**What you are asked to do:** Below are the records; give again exactly the lines from the one containing "На этих снимках" through the one containing "2、中高端產(chǎn)品增", leaving out pictures.

Collected data entries:
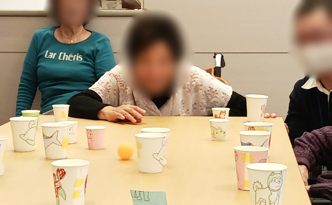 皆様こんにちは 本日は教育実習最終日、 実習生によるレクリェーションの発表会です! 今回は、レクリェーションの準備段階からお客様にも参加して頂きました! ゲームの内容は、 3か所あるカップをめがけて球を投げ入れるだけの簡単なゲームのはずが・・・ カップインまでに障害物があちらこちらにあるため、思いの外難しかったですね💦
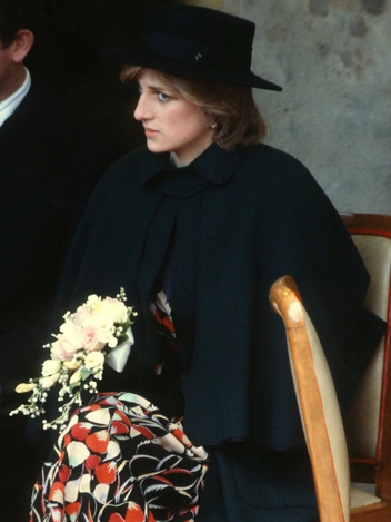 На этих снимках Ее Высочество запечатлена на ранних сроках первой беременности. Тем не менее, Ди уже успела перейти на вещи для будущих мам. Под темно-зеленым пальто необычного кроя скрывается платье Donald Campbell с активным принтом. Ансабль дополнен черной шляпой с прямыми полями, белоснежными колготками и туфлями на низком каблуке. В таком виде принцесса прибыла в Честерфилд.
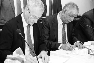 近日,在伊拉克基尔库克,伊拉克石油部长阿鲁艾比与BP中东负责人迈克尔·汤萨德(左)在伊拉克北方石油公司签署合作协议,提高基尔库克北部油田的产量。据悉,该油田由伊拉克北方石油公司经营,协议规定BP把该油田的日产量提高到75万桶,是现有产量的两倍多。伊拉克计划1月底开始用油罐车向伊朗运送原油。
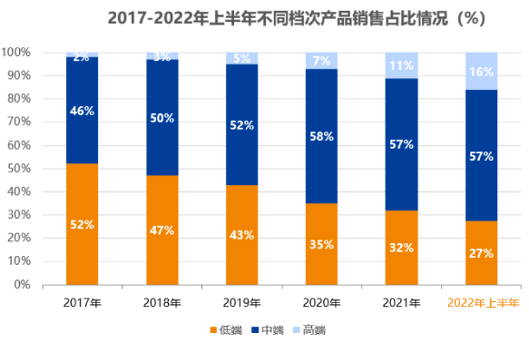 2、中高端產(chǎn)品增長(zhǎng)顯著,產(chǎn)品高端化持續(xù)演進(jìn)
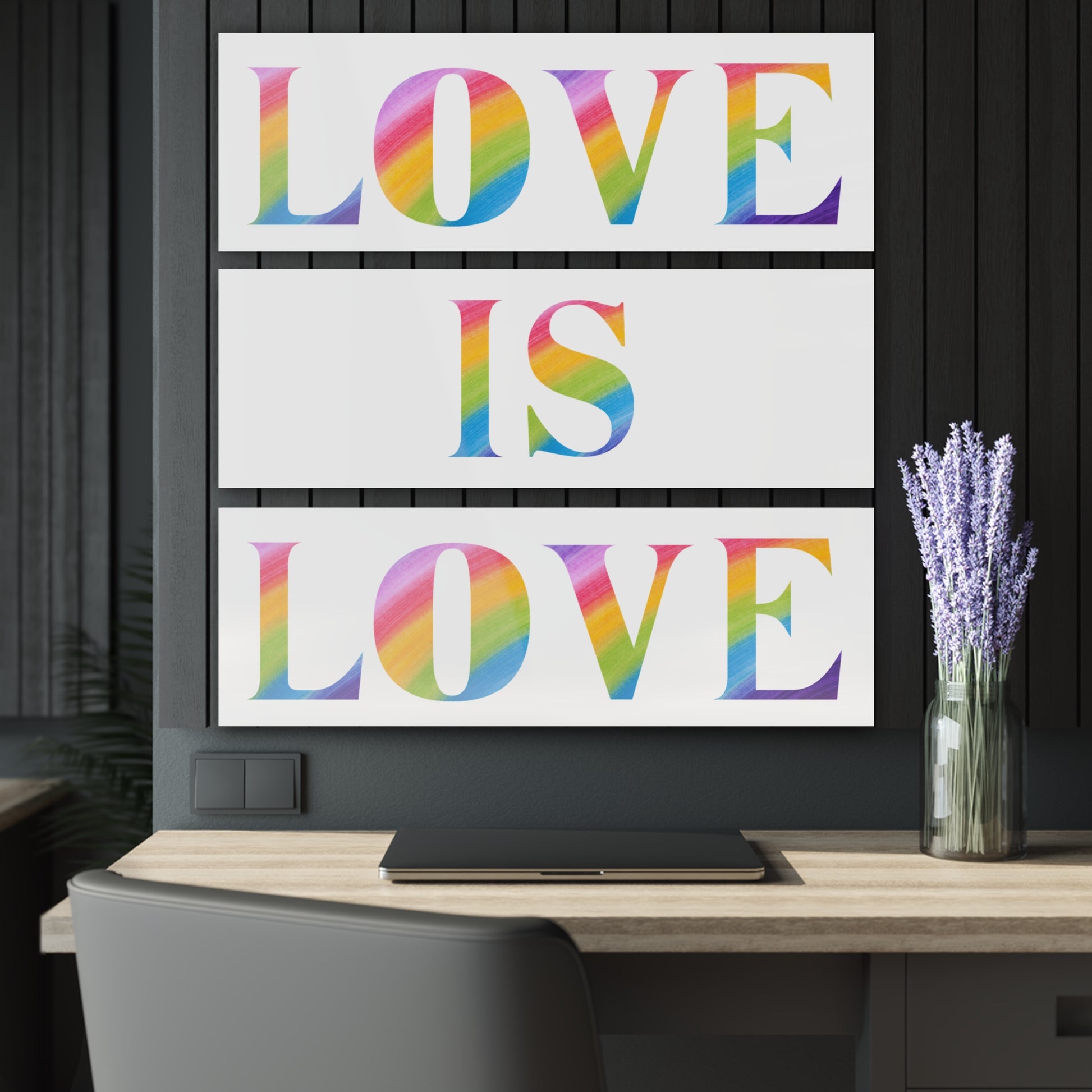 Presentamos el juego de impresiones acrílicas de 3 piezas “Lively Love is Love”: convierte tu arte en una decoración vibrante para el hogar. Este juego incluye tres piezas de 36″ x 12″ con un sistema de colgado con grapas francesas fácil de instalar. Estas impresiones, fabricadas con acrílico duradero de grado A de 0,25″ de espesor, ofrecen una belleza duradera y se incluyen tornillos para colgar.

**Response for this exercise:**
 На этих снимках Ее Высочество запечатлена на ранних сроках первой беременности. Тем не менее, Ди уже успела перейти на вещи для будущих мам. Под темно-зеленым пальто необычного кроя скрывается платье Donald Campbell с активным принтом. Ансабль дополнен черной шляпой с прямыми полями, белоснежными колготками и туфлями на низком каблуке. В таком виде принцесса прибыла в Честерфилд.
 近日,在伊拉克基尔库克,伊拉克石油部长阿鲁艾比与BP中东负责人迈克尔·汤萨德(左)在伊拉克北方石油公司签署合作协议,提高基尔库克北部油田的产量。据悉,该油田由伊拉克北方石油公司经营,协议规定BP把该油田的日产量提高到75万桶,是现有产量的两倍多。伊拉克计划1月底开始用油罐车向伊朗运送原油。
 2、中高端產(chǎn)品增長(zhǎng)顯著,產(chǎn)品高端化持續(xù)演進(jìn)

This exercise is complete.